»»
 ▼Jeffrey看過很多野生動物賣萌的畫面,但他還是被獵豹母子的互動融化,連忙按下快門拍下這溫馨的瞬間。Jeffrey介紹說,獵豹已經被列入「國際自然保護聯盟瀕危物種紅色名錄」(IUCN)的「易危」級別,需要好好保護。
««
»»
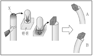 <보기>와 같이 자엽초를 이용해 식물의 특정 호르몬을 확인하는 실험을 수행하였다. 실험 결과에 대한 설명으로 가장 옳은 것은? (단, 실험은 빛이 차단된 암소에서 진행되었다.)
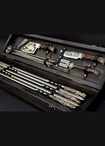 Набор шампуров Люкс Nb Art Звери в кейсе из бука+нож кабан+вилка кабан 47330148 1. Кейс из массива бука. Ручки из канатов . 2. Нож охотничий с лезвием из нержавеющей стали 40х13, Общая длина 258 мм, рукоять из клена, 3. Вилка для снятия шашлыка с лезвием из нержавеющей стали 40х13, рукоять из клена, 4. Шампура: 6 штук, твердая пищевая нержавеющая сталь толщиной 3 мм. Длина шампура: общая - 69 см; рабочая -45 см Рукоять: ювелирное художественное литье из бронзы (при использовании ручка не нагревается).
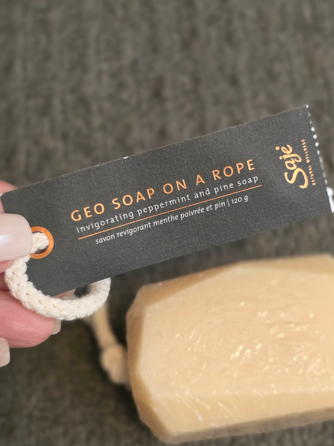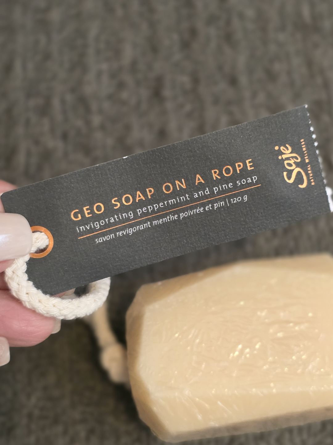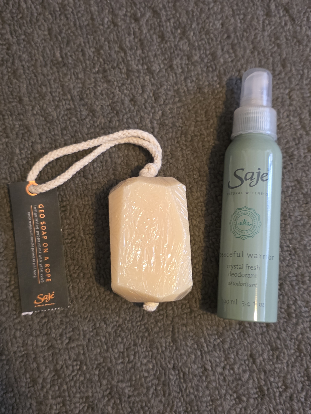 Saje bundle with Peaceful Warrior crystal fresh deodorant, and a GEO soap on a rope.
««
■ **Aim of the task**: Working from the records above, set down word for word everything from the line containing "Набор шампуров Люкс" down to the line containing "Saje bundle with", ends included, minus the pictures.

■ **Solution to this problem**:
 Набор шампуров Люкс Nb Art Звери в кейсе из бука+нож кабан+вилка кабан 47330148 1. Кейс из массива бука. Ручки из канатов . 2. Нож охотничий с лезвием из нержавеющей стали 40х13, Общая длина 258 мм, рукоять из клена, 3. Вилка для снятия шашлыка с лезвием из нержавеющей стали 40х13, рукоять из клена, 4. Шампура: 6 штук, твердая пищевая нержавеющая сталь толщиной 3 мм. Длина шампура: общая - 69 см; рабочая -45 см Рукоять: ювелирное художественное литье из бронзы (при использовании ручка не нагревается).
 Saje bundle with Peaceful Warrior crystal fresh deodorant, and a GEO soap on a rope.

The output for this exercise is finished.